The House of Representatives this week, for the second time in a year, rejected a bill that would have protected the rights of states like California that have laws allowing patients to legally use marijuana if it is recommended and supervised by a doctor.

First of all, we thought it was a tenet of conservatism – which the Bush administration and a goodly number of members of Congress profess to believe in – that the federal government should let individual states decide what they think is best for its citizens.

Second, we could hardly miss the irony that, also this week, the Justice Department announced there is a high possibility that Osama bin Laden is organizing to attack in the United States this year. At a time when the maximum number of federal agents are needed to stop terrorism, they are instead deployed to raid California pot shops licensed by the state to alleviate the suffering of seriously ill people.
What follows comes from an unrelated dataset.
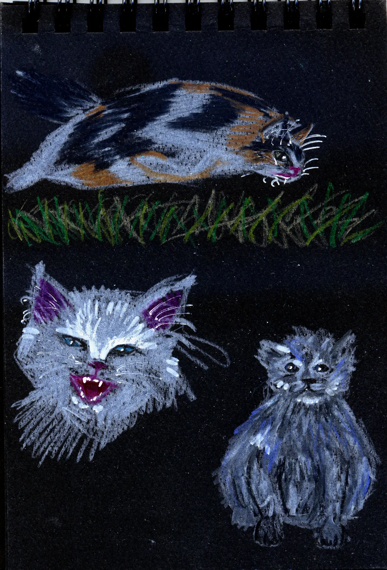 На второй рисовала котов: верхний находится в прыжке, а два нижних - просто рандомные невдупленыши-котята). Мне было весело в процессе, так что котята еще будут)

Eight other states in addition to California – Colorado, Oregon, Vermont, Washington, Alaska, Hawaii, Maine and Nevada – permit marijuana to be used to relieve a number of symptoms, including pain and nausea related to chemotherapy, muscle spasticity caused by multiple sclerosis, cataracts, and wasting due to AIDS.

This doesn’t prompt any sympathy from the White House or anti-drug groups, which say that under the Controlled Substances Act, pot is classified as a dangerous drug, and federal authority to regulate interstate commerce overrides state law.




Republican Congressman Max Burns of Georgia says laws like California’s “are simply the first step in a scheme to overturn all the substance abuse laws that we work hard to enforce today.”

If it’s a scheme, it is one that includes several federal courts that have sided with the states. The Ninth Circuit Court of Appeals ruled last December in Raich v. Ashcroft that “the intrastate, noncommercial cultivation, possession and use of marijuana for personal medical purposes on the advice of a physician is, in fact, different in kind from drug trafficking … .”

The CSA’s pot provisions were declared unconstitutional in a majority view that drew heavily on a 1995 opinion by U.S. Supreme Court Chief Justice William H. Rehnquist that limited federal authority in that arena.

Now Rehnquist and the high court have agreed to hear an appeal of Raich by Attorney General John Ashcroft. We hope that the final decision, due next summer, will side with state autonomy and let the federal government turn its energies to a more fearsome threat.